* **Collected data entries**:
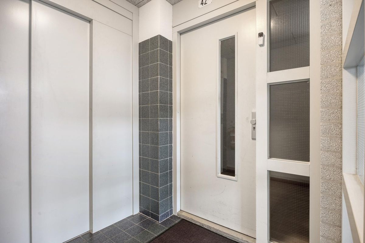 Verzorgde centrale entree met brievenbussen, video-intercom, lift en trapopgang naar de ,verdiepingen. Daarnaast is er toegang tot de stenen berging en twee vaste parkeerplaatsen.
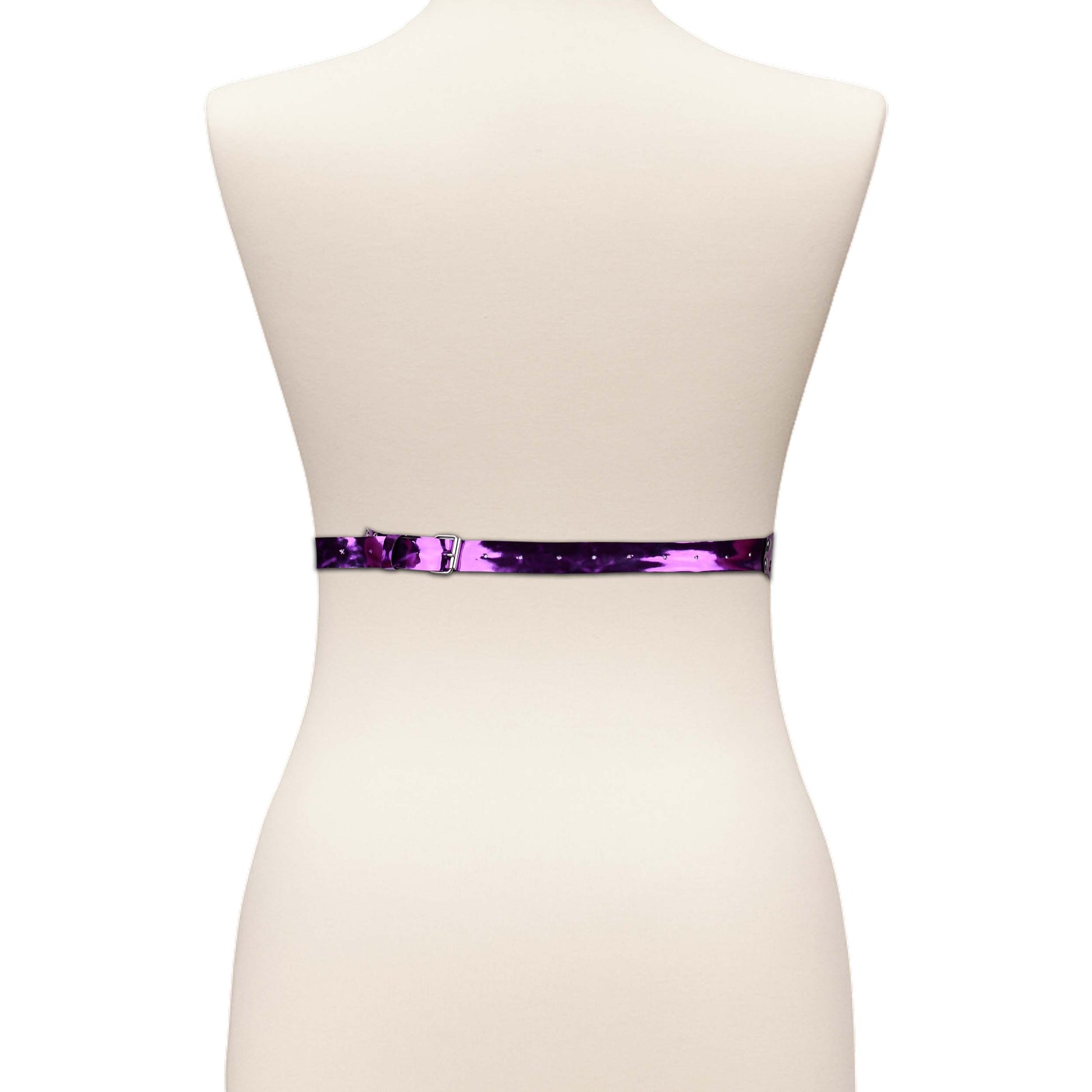 The Nebula Waist Belt shimmers with cosmic allure, designed from deep violet holographic faux leather. Its layered strap construction, connected by gleaming O-rings, creates a bold and structured silhouette that evokes the mystery and magnetism of galaxies. Perfect for commanding attention with a touch of celestial elegance.
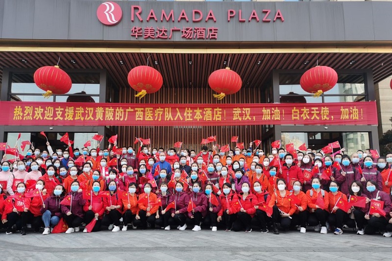 对入驻酒店的广西医疗队医护人员终身免费。
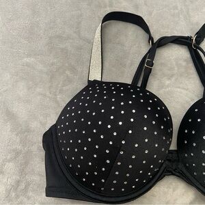 Victoria’s Secret Nero Black Push-Up Shine Strap Swim Bikini Bottom Size 34D
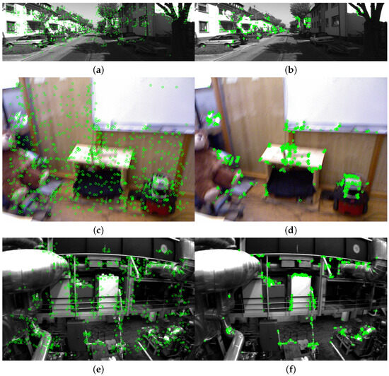 This graph shows the comparison of the feature extraction outcomes. (a,c,e) are the results of the features extracted using the algorithm of this paper in the KITTI dataset, in the TUM fr1 sequence, and in the EuRoC MH01 sequence, respectively. (b,d,f) are the outcomes of features extracted applying the conventional ORB algorithm in the KITTI dataset, in the TUM fr1 sequence, and in the EuRoC MH01 sequence, respectively.
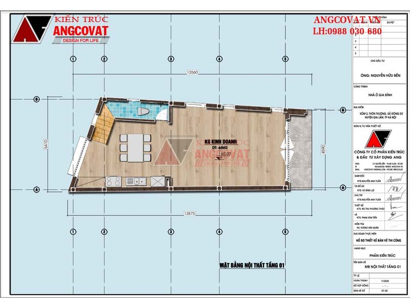 Trên đây là hồ sơ thiết kế nhà 65m2 3 tầng đẹp hiện đại của gia đình chú Bền do kiến trúc sư Angcovat thực hiện. Ngôi nhà được triển khai trên diện tích 70m2 vừa để ở kết hợp kinh doanh.
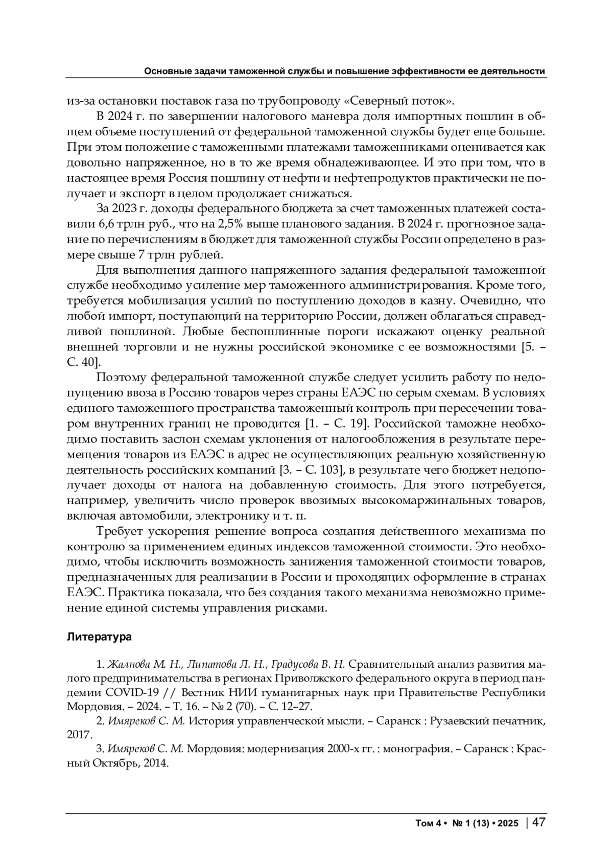 1. Жалнова М. Н., Липатова Л. Н., Градусова В. Н. Сравнительный анализ развития малого предпринимательства в регионах Приволжского федерального округа в период пандемии COVID-19 // Вестник НИИ гуманитарных наук при Правительстве Республики Мордовия. - 2024. - Т. 16. - № 2 (70). - С. 12-27. EDN: CUDHYU
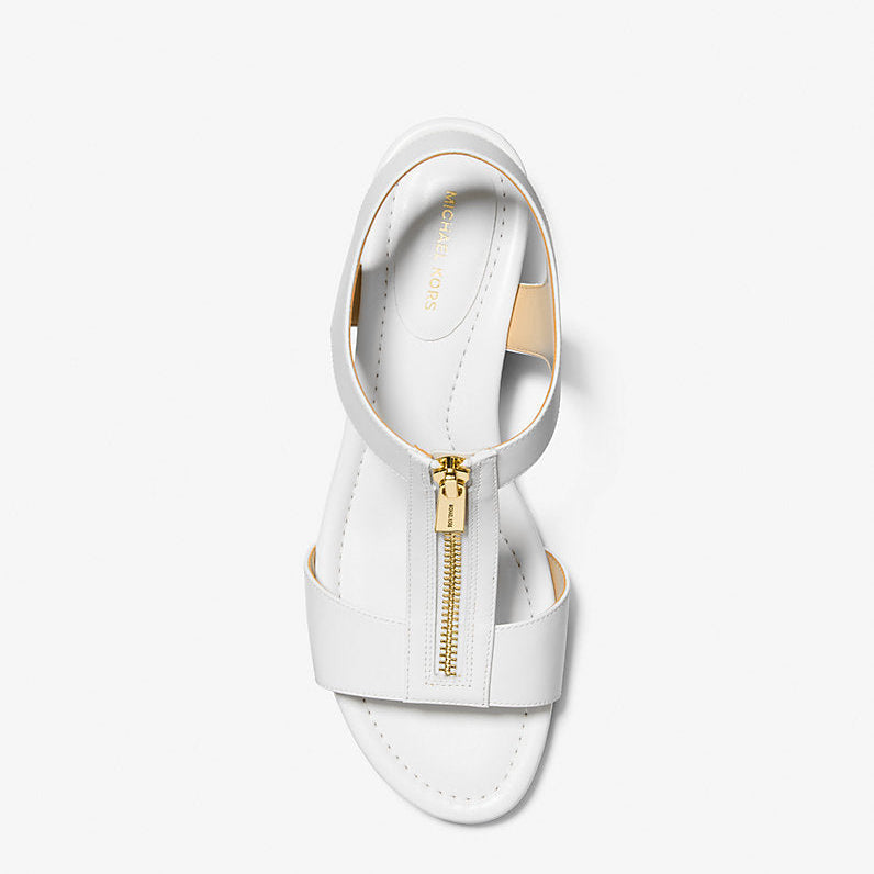La sandale BERKLEY WEDGE de la marque MICHAEL KORS offre un style pratique pour les journées chargées. Confectionnée en cuir véritable avec une fermeture éclair pratique et un talon compensé, elle allie confort et élégance. Portez-la avec tout, des jeans aux jupes mi-longues.
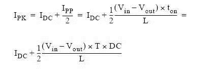 通過上圖我們可以看到,流過電感的最大電流為DC電流加開關峰峰電流的一半。上圖也稱為紋波電流。根據上述的公式,我們可以計算出峰值電流:

* **WHAT YOU SHOULD DO**:
Retype the entries above exactly, starting at their first line and ending with the line that holds "Victoria’s Secret Nero"; pictures stay out.

* **OUTPUT FOR THIS EXERCISE**:
 Verzorgde centrale entree met brievenbussen, video-intercom, lift en trapopgang naar de ,verdiepingen. Daarnaast is er toegang tot de stenen berging en twee vaste parkeerplaatsen.
 The Nebula Waist Belt shimmers with cosmic allure, designed from deep violet holographic faux leather. Its layered strap construction, connected by gleaming O-rings, creates a bold and structured silhouette that evokes the mystery and magnetism of galaxies. Perfect for commanding attention with a touch of celestial elegance.
 对入驻酒店的广西医疗队医护人员终身免费。
 Victoria’s Secret Nero Black Push-Up Shine Strap Swim Bikini Bottom Size 34D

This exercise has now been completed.